• EXTRACTED RECORDS
···
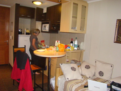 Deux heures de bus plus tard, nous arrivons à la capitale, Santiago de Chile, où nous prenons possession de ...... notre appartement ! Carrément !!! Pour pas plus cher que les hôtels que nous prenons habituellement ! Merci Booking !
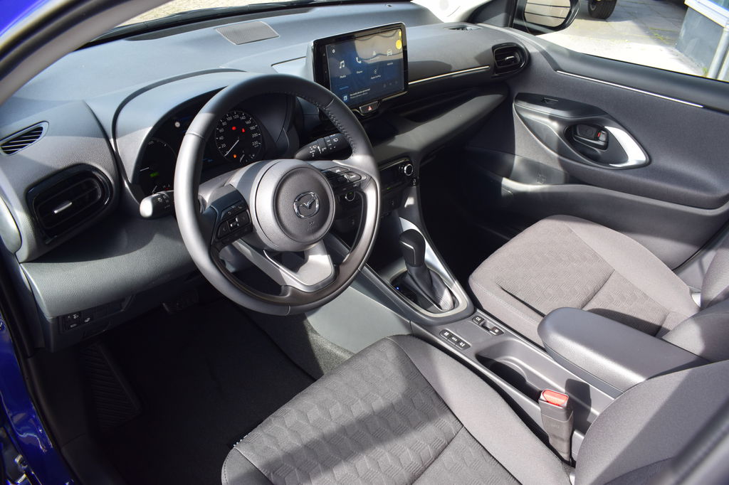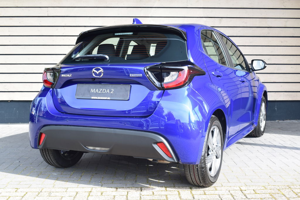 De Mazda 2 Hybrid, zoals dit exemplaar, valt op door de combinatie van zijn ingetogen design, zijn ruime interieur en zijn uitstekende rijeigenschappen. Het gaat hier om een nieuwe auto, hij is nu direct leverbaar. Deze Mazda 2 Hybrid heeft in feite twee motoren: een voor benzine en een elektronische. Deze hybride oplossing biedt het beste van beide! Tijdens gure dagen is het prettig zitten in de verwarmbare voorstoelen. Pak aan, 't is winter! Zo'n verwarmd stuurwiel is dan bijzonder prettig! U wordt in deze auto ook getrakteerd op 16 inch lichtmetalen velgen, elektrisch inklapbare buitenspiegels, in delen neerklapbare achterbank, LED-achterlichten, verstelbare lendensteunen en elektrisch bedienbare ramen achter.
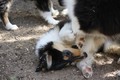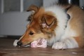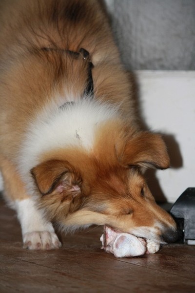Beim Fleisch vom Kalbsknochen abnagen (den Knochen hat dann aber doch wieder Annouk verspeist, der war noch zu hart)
···
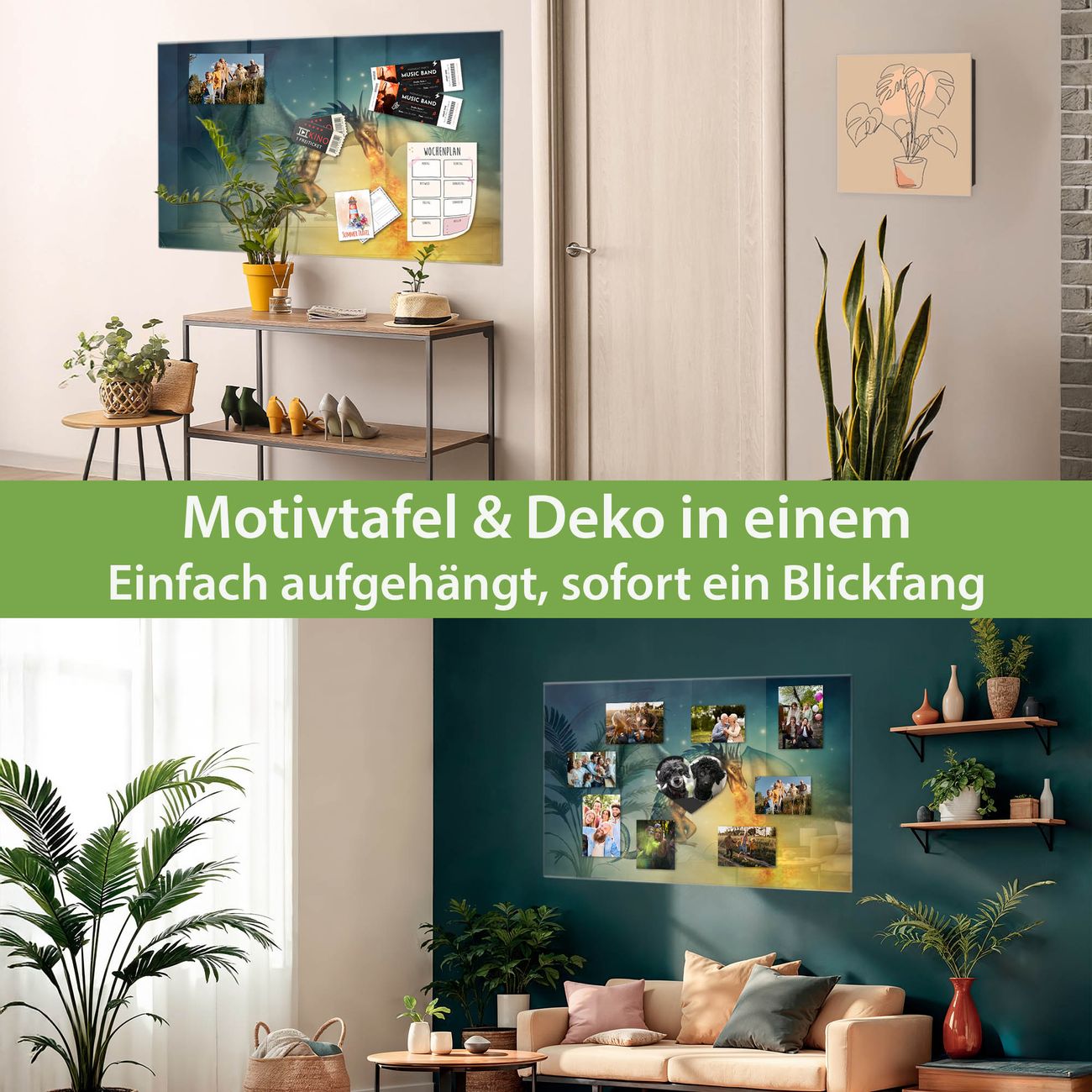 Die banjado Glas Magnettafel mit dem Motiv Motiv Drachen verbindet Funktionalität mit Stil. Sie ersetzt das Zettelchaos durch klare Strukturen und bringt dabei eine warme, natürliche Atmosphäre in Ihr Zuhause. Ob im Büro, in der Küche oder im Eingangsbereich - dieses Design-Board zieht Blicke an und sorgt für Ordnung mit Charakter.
···
• BRIEF
All that is wanted is the lines above between the one containing "Deux heures de" and the one containing "De Mazda 2 Hybrid, zoals", inclusive, restated word for word, with pictures omitted.

• RESULT OF THE TASK
 Deux heures de bus plus tard, nous arrivons à la capitale, Santiago de Chile, où nous prenons possession de ...... notre appartement ! Carrément !!! Pour pas plus cher que les hôtels que nous prenons habituellement ! Merci Booking !
 De Mazda 2 Hybrid, zoals dit exemplaar, valt op door de combinatie van zijn ingetogen design, zijn ruime interieur en zijn uitstekende rijeigenschappen. Het gaat hier om een nieuwe auto, hij is nu direct leverbaar. Deze Mazda 2 Hybrid heeft in feite twee motoren: een voor benzine en een elektronische. Deze hybride oplossing biedt het beste van beide! Tijdens gure dagen is het prettig zitten in de verwarmbare voorstoelen. Pak aan, 't is winter! Zo'n verwarmd stuurwiel is dan bijzonder prettig! U wordt in deze auto ook getrakteerd op 16 inch lichtmetalen velgen, elektrisch inklapbare buitenspiegels, in delen neerklapbare achterbank, LED-achterlichten, verstelbare lendensteunen en elektrisch bedienbare ramen achter.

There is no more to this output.